# Inbreeding concerns



## ralphkaz (Apr 23, 2005)

Have been searching for a WGSL pup for a few weeks and came across a 'home' breeder that is our #1 choice right now. Pups where just born. I looked on the pedigree DB and found another litter/pup from the same parents (link below). I'm a bit concerned about the inbreeding coefficients - they seem a bit higher than most other dogs I've looked at but I really have no idea how to interpret these numbers. I know you want less than 10% for sure but what impact does having 4 dogs common on each parents side? 

Any help would be appreciated. Thanks!

Sigal's Bonnie


----------



## Dainerra (Nov 14, 2003)

average inbreeding co-efficient is less than 4 in this breed. I would ask the breeder what they hoped to accomplish in this pairing?
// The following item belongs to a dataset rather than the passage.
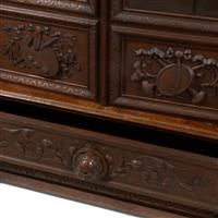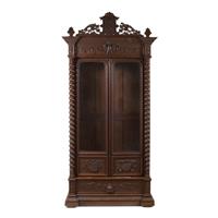 Decorado con remate superior, escudo de armas, pináculos, cartela, acantos, roleos, cenefas orgánicas y columnas torzales.

that level of linebreeding can be either good or bad. it will bring out any recessives that are lurking in the DNA. on the plus side, it is a common way to set type in a bloodline.


----------



## ralphkaz (Apr 23, 2005)

Dainerra said:


> average inbreeding co-efficient is less than 4 in this breed. I would ask the breeder what they hoped to accomplish in this pairing?
> 
> that level of linebreeding can be either good or bad. it will bring out any recessives that are lurking in the DNA. on the plus side, it is a common way to set type in a bloodline.


The breeder only does around 1-2 litters each year. These 2 dogs (parents) are the main dogs they own. In prior litters I believe the female was also bred with a few different males (that they did not own). 

We will be going to look at both the pups and parents this coming weekend. The pups will only be 2 weeks old at that time. If there were any negative recessive genes I imagine they would not be obvious until much later, correct? What should my level of concern be? Should I be looking elsewhere? On the plus side - the 2 males in the lineage with the high coefficients are highly titled dogs...


----------



## selzer (May 7, 2005)

Ask the breeder about the dog that is bred 2-3. What does she like about the dog. What does he produce. What is she hoping to produce with the pairing.


----------



## ralphkaz (Apr 23, 2005)

selzer said:


> Ask the breeder about the dog that is bred 2-3. What does she like about the dog. What does he produce. What is she hoping to produce with the pairing.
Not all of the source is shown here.